Exercise details: The line with "O carro ficou" marks the first line to copy, and the line with "mildew can hide" marks the last. Transcribe that stretch of the data below exactly, without pictures.

Dataset records:
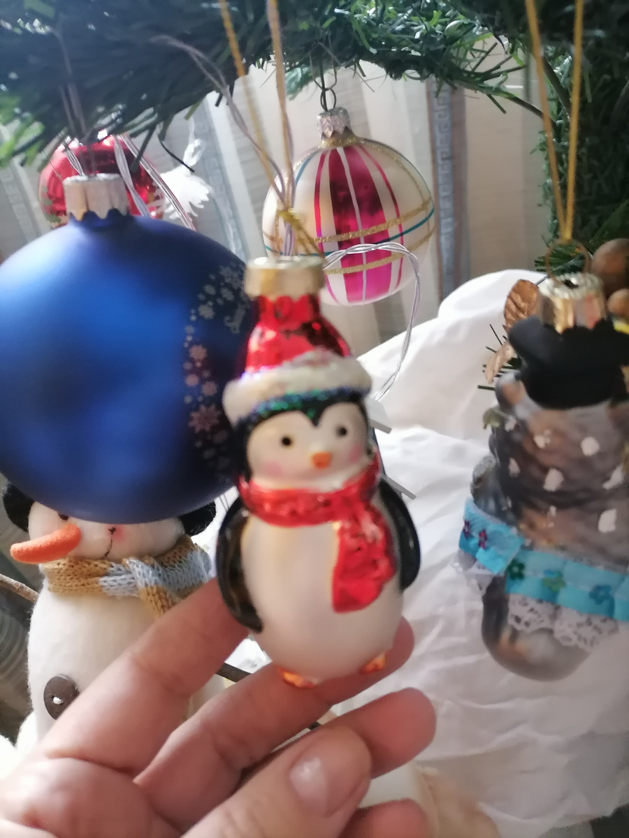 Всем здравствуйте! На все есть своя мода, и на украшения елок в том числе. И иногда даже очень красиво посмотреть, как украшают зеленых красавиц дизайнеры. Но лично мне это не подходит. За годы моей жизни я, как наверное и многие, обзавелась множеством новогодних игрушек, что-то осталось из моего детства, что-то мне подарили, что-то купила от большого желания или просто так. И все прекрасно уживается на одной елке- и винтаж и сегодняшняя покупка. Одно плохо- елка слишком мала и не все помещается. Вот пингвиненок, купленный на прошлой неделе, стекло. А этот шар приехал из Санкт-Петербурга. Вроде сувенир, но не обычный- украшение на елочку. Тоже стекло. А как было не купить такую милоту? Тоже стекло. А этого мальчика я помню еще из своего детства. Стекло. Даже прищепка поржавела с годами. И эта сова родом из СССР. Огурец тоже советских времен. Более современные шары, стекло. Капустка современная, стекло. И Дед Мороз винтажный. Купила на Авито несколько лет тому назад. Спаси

...

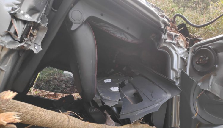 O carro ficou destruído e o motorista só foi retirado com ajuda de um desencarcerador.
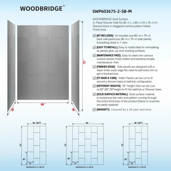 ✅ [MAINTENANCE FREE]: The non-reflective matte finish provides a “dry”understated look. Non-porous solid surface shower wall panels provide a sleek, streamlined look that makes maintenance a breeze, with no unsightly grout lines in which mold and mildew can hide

...

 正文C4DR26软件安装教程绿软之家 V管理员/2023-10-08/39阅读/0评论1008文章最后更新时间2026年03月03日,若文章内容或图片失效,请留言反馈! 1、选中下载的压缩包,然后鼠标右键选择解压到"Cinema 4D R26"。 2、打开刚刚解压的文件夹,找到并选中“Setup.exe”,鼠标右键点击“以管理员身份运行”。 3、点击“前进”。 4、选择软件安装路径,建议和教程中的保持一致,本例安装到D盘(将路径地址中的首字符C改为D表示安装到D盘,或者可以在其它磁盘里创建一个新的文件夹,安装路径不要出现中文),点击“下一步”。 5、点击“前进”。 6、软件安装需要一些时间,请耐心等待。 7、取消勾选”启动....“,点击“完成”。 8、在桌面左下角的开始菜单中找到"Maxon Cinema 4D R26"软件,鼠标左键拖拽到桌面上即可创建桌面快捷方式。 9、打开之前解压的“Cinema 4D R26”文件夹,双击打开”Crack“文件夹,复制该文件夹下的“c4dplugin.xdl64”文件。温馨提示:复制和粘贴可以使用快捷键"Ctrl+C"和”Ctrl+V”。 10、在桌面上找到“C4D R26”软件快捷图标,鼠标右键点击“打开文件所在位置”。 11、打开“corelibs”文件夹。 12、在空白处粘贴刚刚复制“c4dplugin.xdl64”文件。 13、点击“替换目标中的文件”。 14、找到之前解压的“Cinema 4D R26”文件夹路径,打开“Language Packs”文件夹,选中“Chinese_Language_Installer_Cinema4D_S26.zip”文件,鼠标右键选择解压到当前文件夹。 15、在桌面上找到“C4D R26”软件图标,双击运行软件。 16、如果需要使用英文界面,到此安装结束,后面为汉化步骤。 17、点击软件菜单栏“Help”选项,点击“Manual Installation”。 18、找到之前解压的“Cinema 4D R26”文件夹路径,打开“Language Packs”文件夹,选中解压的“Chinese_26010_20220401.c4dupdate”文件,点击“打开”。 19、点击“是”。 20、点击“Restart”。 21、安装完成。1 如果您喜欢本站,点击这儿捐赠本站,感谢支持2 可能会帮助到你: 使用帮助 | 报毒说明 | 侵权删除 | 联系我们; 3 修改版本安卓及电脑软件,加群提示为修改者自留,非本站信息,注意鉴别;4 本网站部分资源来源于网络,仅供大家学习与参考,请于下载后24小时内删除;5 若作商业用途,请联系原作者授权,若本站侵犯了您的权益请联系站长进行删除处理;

Problem solution:
 O carro ficou destruído e o motorista só foi retirado com ajuda de um desencarcerador.
 ✅ [MAINTENANCE FREE]: The non-reflective matte finish provides a “dry”understated look. Non-porous solid surface shower wall panels provide a sleek, streamlined look that makes maintenance a breeze, with no unsightly grout lines in which mold and mildew can hide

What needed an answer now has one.